The Darkness Below opens up on Halloween night, with an old man telling tales of terror to a handful of neighborhood children. The three kids are gathered ’round in his living room, hours after the other tikes have gone home to gobble their treats. As the old man unravels his yarn, he gets more and more excited… until finally, his heart can’t take it anymore. When he dies, then is revived, he brings something back with him.
Mental hitch-hikers is what Eide calls them. It’s as good a term as any, and the premise is intriguing and intelligent. Each child is “chosen” by one of these creatures, and when the story fast-forwards to their adult lives, it is revealed that two are evil, and one is good.
At first, it’s hard to figure out whether these creatures are real, or whether they are figments of fancy. It’s also hard to figure out whether they come from the other side of life, another planet, or another mental plane. At first the mystery is fun, but after while I began to feel as though I was supposed to decide for myself, as no clues were given me.
Victoria Mayfield is the protagonist of The Darkness Below. She was the child leeched onto by the “good” mental hitch-hiker (Curalis), while her friends, Anthony Hart and Michelle Brown, were latched onto by the “bad” otherworldly parasites (Krinel and Domantrian). It is apt that the latter two creatures are vampires, greedily guiding their two human counterparts to extract the blood from anyone they can find.
They are smart killers though, careful to cover their tracks. For years, the slayings are blamed on a London blood cult. While the story is set in the U.S., the character’s jobs with an airline permit them to do some jetting about, allowing for some interesting changes in locale. Victoria, fighting on the side of good, sets out to stop her once-friends from killing anyone else.
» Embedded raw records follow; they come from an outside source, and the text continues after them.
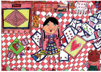
四孝 / 林羿岑 撲克牌女王
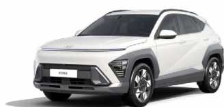
Atlas White Pastelová Kombinace dostupná také s černým lakováním střechy Cena: 9 900 Kč
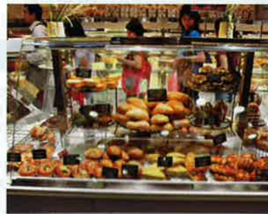
多款特色麵包任君選擇，如想坐在 café 慢慢歇便要 order 1 杯飲品。

位於廣場地面的 Café Balencia，一面是售賣麵包蛋糕的 bakery，一面是吃日式 pizza、意粉的迷你 café，每天均人頭湧湧，不少人 shopping 完後，均喜歡在此歇一歇。

While it is made clear that Victoria can only visit her hitch-hiker, Curalis, in dreams, not much is shown from the POV of Michelle and Anthony. In the first part of the book, there is a great, tension-filled nail-biting scene, in which Anthony and Michelle kidnap, toy with, then subsequently kill and drain, the wrong woman (it turns out her sister is a Sensitive, who ties in with the other characters later on). Eide has a flair for horror writing but unfortunately, he doesn’t showcase that talent nearly enough.
The book flounders in some places, and seems to try to be too many things at once while focusing on the minutiae — Victoria is jobless throughout much of the book, and her search for employment does get a bit tedious at times. There is one section in the book when, bored, she goes to the movies. She decides to see Interview With The Vampire. It’s certainly one of my favorite movies of all time, but by insinuating that it’s a first-run film Victoria is seeing, it dates the book in 1994 for no reason. Also, Eide mentions the vampire character Gabrielle in one of the scenes, when in fact she did not appear in the movie version at all. (I know — now who’s focusing on the minutiae?)
While I definitely would have been happier with more chills and thrills, and found myself skimming through some passages, I kept finding myself wanting to see what would happen next.
I loved the strange visions, foreboding nightmares, psychic dreams, and elements of the supernatural interwoven with the sci-fi mystery. How did the otherworldly creatures manage to escape? Who are they? How will their mission in our world change our time/space continuum? These questions are enough to keep you reading, though at times the journey is more a task than a trek. Eide has definite imagination and writing talent, but in my humble opinion, he and his readers would be well-served by a more aggressive editor.